Prompt:
Please set down each of the lines below once more, exactly, omitting all pictures.
Start of Information supplied
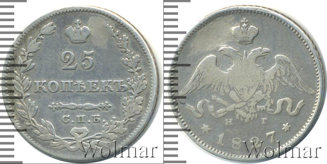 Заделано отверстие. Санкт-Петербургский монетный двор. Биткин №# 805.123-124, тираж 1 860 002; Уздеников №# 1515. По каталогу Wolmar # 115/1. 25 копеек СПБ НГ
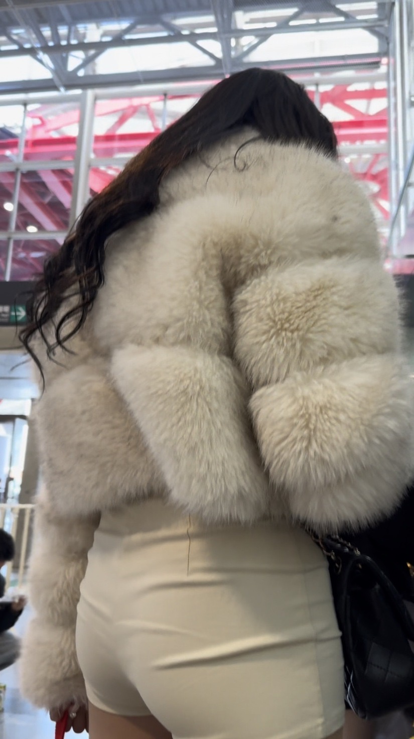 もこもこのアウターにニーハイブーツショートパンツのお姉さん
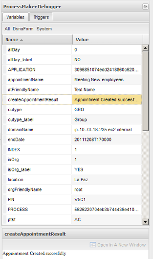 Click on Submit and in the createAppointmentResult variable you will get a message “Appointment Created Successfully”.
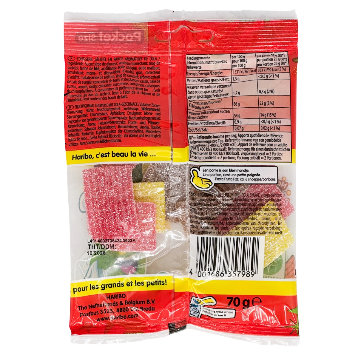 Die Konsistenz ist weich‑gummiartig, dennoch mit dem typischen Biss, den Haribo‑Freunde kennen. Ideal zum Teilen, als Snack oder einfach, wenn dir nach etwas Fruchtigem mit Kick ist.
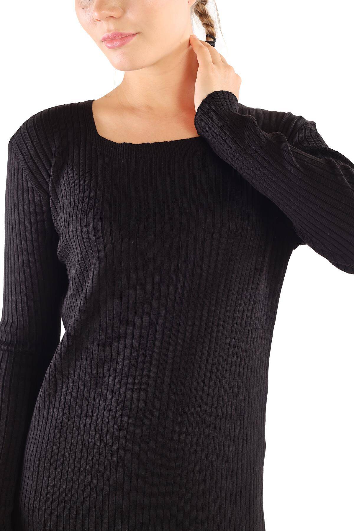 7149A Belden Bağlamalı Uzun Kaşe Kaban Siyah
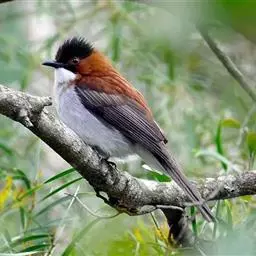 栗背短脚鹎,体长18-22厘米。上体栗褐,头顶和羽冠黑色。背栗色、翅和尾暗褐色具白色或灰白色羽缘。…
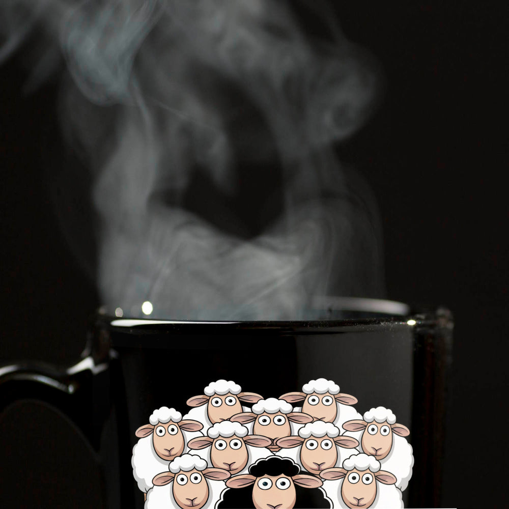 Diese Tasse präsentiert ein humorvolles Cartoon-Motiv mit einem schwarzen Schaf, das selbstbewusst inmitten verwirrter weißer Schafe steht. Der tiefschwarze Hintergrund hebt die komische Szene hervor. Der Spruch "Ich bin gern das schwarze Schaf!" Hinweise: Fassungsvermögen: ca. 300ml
End of Information supplied
Solution to the exercise:
 Заделано отверстие. Санкт-Петербургский монетный двор. Биткин №# 805.123-124, тираж 1 860 002; Уздеников №# 1515. По каталогу Wolmar # 115/1. 25 копеек СПБ НГ
 もこもこのアウターにニーハイブーツショートパンツのお姉さん
 Click on Submit and in the createAppointmentResult variable you will get a message “Appointment Created Successfully”.
 Die Konsistenz ist weich‑gummiartig, dennoch mit dem typischen Biss, den Haribo‑Freunde kennen. Ideal zum Teilen, als Snack oder einfach, wenn dir nach etwas Fruchtigem mit Kick ist.
 7149A Belden Bağlamalı Uzun Kaşe Kaban Siyah
 栗背短脚鹎,体长18-22厘米。上体栗褐,头顶和羽冠黑色。背栗色、翅和尾暗褐色具白色或灰白色羽缘。…
 Diese Tasse präsentiert ein humorvolles Cartoon-Motiv mit einem schwarzen Schaf, das selbstbewusst inmitten verwirrter weißer Schafe steht. Der tiefschwarze Hintergrund hebt die komische Szene hervor. Der Spruch "Ich bin gern das schwarze Schaf!" Hinweise: Fassungsvermögen: ca. 300ml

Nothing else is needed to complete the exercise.